Impact Loads Multiple dents Dents in the race caused by external impact loads may progress to spalling of the metal surface. Once the integrity of the surface is broken, wear will progress more rapidly. This photograph shows where five rollers were driven into the surface of the race. Over time the impacted areas became deeper. With this one, it was probably hard to hear the radio

Other Damage Corrosion of the outer surface Fretting corrosion of the outer surface of the bearing is often the result of a loose fitting bearing. A mis-application (wrong part number) is possible, but more likely a worn hub or spindle is to blame.

Other Damage Overheating Burnt rollers. Overheated bearing steel develops very characteristic patterns. The colors reflect the temperatures. A strawberry brown indicates a 300°F temperature and deep purple means the heat went over 700°F. The cause of overheating is lack of lubrication, over tightening during bearing adjustment, or overloading the carrying capability of the bearing.

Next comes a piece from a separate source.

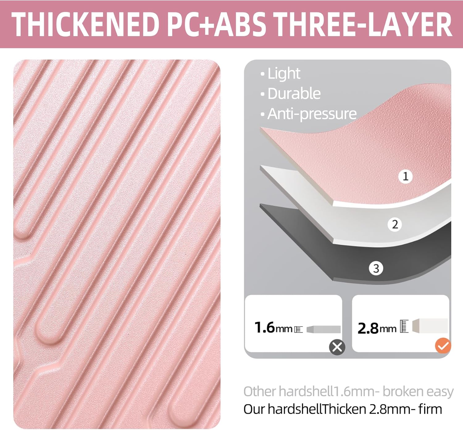 19 Inch Suitcase Hand Luggage with Front Pocket for 15.6" Laptop, 35 * 23 * 55cm, 43L, Ligthweight ABS+PC Hardshell Carry On, TSA Lock & YKK Zippers with HINOMOTO 360° Wheels, Pink

Other Damage Spalling Fatigued metal. Spalling occurs as fatigued metal lifts off of the surface. The example pictured here is extreme, but not wholly unlikely. You may find surfaces where only small patches have begun to flake and disintegrate. Spalling will occur at the normal end of bearing life. If it occurs early, the likely causes are lack of sufficient lubrication and excessive loading.

Other Damage Arcing Electrical damage. Electric arc welding on the engine or chassis without proper grounding can destroy the wheel bearings. The electrcial charge passes through the bearing assembly and lifts off the bearing surface. There are some other electrical charges that will cause this problem (besides lightning)

Conclusion A properly trained and informed technician will have a direct bearing on the life of tapered bearings!